I did storm cleanup work for many years and cut up hundreds of storm damaged trees that were in all sorts of precarious positions. Its *always* easier and safer to start at the top of the tree and work down, removing any limbs that would cause the tree to roll over. You never cut like that on a tree thats still elevated without first understanding the dynamics of the situation, especially when there is a second tree holding it in place. It appears that there was a skidsteer on site. That should have been used to pull the downed tree off whatever was holding it in the air before the guy even started cutting on the tree. Stupid really, no real training.


----------



## Cycledude (Aug 29, 2018)

Sad


----------



## derwoodii (Sep 1, 2018)

reads very similar to the vid below
tension dynamics are very hard to read even for experienced blokes, best have your escape cleared and planned when things get close quaters.. I really been enjoying using battery polesaw for hung up confined space storm dismantle work allows me to be that bit away from harm.. 

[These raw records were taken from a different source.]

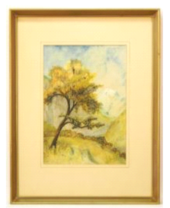
Lot # 100

100 Watercolour signed possibly G. Olafson, 12" x 9"."Trees & Mountain"
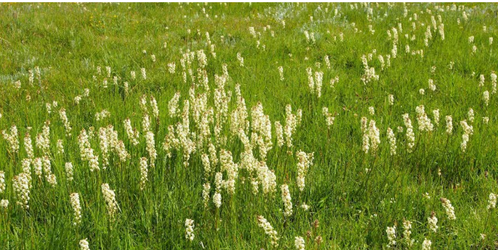
Image 2. Grassland Candles - Stackhousia subterranea flowering in early spring on the Woorndoo-Streatham Rd., south-western Victoria.
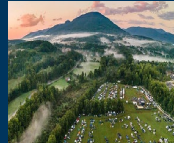
Riley Rink Concert Series
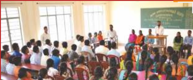
Inter Departmental Quiz
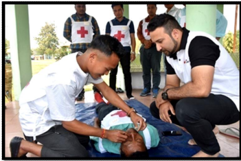
View of First Aid Training

Total 40 nos. of FMR volunteers and First Aiders took part in the programme for 7 days and more than 700 pilgrims were given First Aid medical aid and other Ambulatory Services.
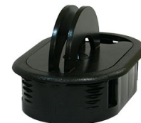
Table Top Mounting Bracket
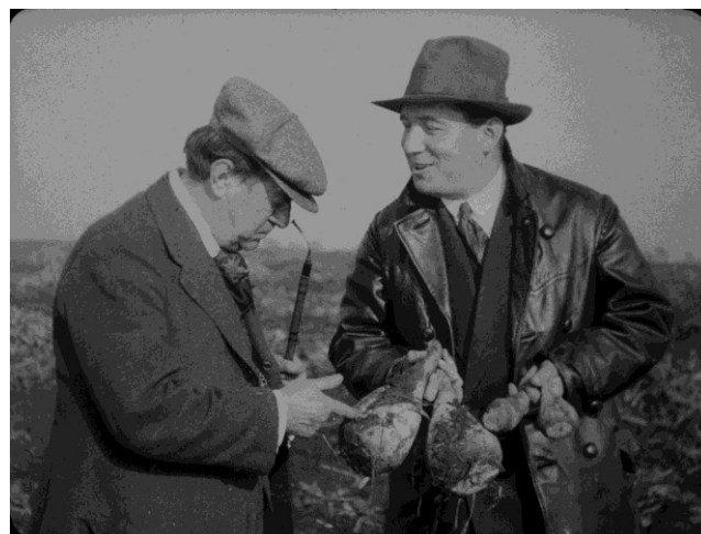
Fig. 7. A scene from the movie Jinak otcové – jinak děti . A farmer shows his sugar beet harvest to his father. [27]

Out of the dozens of movies produced a single one was selected to analyze, called Jinak otcové – jinak děti . The plot revolves around a small farmer Jeník, who is too poor to marry his loved one. He eventually goes on to study agronomy in Prague, where he learns firsthand about the advantages of fertilization. When he comes back home, he asserts his new ways against his reserved father, eventually reaping rich harvest that earns him recognition and allows him to marry. [26] All in all, an almost tedious plot. However, its primary significance can be illustrated in figure 7, where Jeník shows his harvest – an emotional pressure on the viewer urging him not to end up humbled by meagre harvest like Jeník's father. In the end, it is the dawn of an advert capable of working with the psychology of the customer, well established in modern marketing, but a breakthrough at the time.
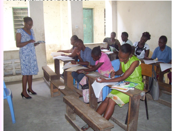
Early Childhood Development Education Class in Progress

Fees are paid through the following account numbers: Bank-Kenya Commercial Bank, Treasury Squire Branch no: 1107605652 or Consolidated Bank; Nkrumah Road Branch, no: 10081203000007
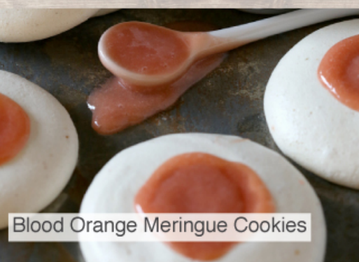
Blood Orange Meringue Cookies
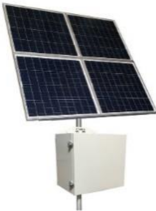
RPSTL 340W 4 Panel Solar System
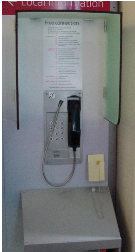
Fig. 7. The Your Guide telephone. Note the cable obscuring the sunken, rubberized buttons and the black foam rubber bumper around the plastic shroud to protect against people bumping their heads on the hard plastic.

_"The base of the tree was supported in the air by a large rock and a small tree. Ivy used his chainsaw to remove the limbs working his way from the base of the tree to the top. Ivy was on the uphill side of the tree when he cut and finished limbing the tree towards the top end. When the limbs were removed the base of the tree slid down the sloped rock approximately 5 feet hitting a small tree below causing the top section of the tree to swing uphill towards Ivy. According to the report, Ivy was pinned to the large boulder facing the tree in a standing position and was struck in the head and upper torso by the tree."_


----------